While empowerment and larger field teams might have been the explicit objective of this organizational structure, the most important outcome in my mind (and maybe the most important driving factor of this strategy) was “efficiency”. Volunteer teams as well as field organizers were all able to increase their productivity greatly, as the local volunteers were empowered (through technology and training) to carry out voter-facing activities on their own without much assistance from the top. This meant that a less well-funded (at least in the initial stages) Obama team could compete more effectively against the Goliath that Clinton’s fundraising machine was.

Sasha Issenberg weaves the story of how President Obama’s campaign used data analytics to target and mobilize  individual voters – but really this story also boils down to Obama’s effort to achieve greater ROI on its various organizing and mobilizing efforts. The strength of the work that Dan Wagner was leading lay neither in the fact that “Wagner successfully predicted the final margin within 150 votes—well before Election Day” nor (as Sasha argues) in that Wagner represented a “new way of thinking” in which voters were not stuck in old political or demographic or consumer marketing driven categories.
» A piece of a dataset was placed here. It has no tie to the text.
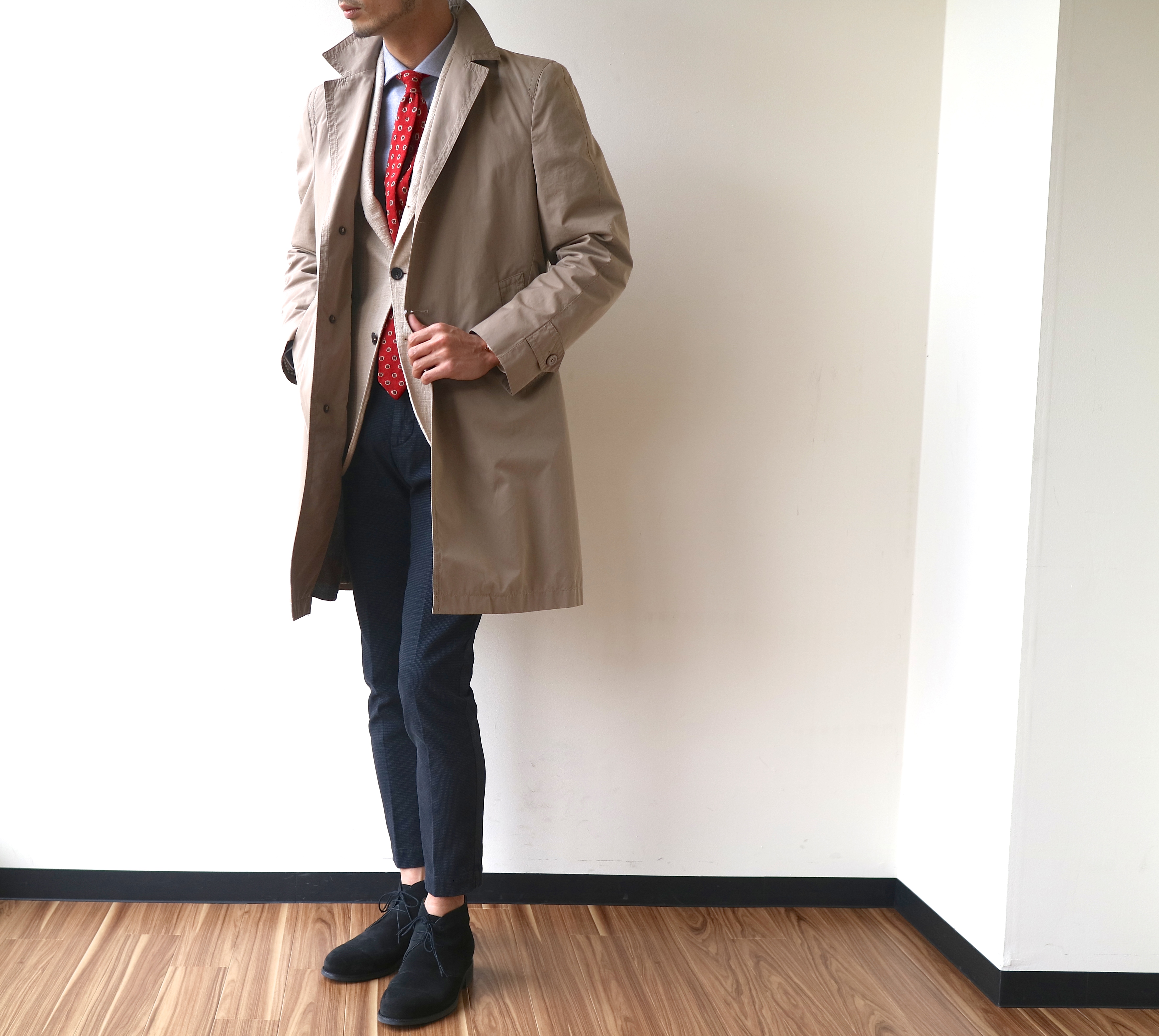 春も引き続き着用したい、BOGLIOLIのコットンのコート。今季トライしたいオフベージュのジャケットはLARDINI、シャツはMASTAI FERRETTI、タイはLARDINI(店頭のみ)、靴は私物です。色味が薄くなった時、重宝するネイビーのパンツ。ジャカードでちょい個性もあって、お勧めです。

Rather, the strength really lay in the ability of the Obama team to use Wagner’s predictive scoring models and randomized controlled experiments to help with all resource allocation decisions (whether it was allocation of field volunteers or advertising dollars). The analytics team ultimately drove decisions of not only field strategy (i.e., which voters were most persuadable (based on the estimated persuasion score) and hence which voters should the field teams be focusing on) but also media buying (finding the persuadable voters in the cable companies’ billing files and hence buying media that these persuadable voters would be watching). This was evident as the media buying software platform, Optimizer, helped the campaign conclude what would be “the more efficient way[s] of reaching persuadable targets.”

In both the field and the media buying teams, the analytics team then really played the role of helping each team achieve what I call “efficiencies at scale”! The pre-requisite in the case of the New Organizers was the organizational structure and recruitment of teams. In the case of the Data Scientists, really the fundamental element was the existence (and to some extent) collection of relevant data. Once both the teams had the basics down, then there was no stopping them from scaling. So in a way both efforts were really well suited to achieving efficiency at scale very quickly after the initial foundational effort.

In a lot of ways, this is not unlike what entrepreneurs (at least in the tech space) do – when it comes to consumer marketing. The idea is, with limited budgets, to reach niche consumer segments (defined less by the categories that would traditionally describe them than by the behaviors that really define them at a deeper level) that are more likely (than not) to use the startup’s product. The challenge of course is to find the pre-requisite data that can really help achieve these “efficiencies at scale” that in turn can make startups into efficient mobilization and persuasion machines.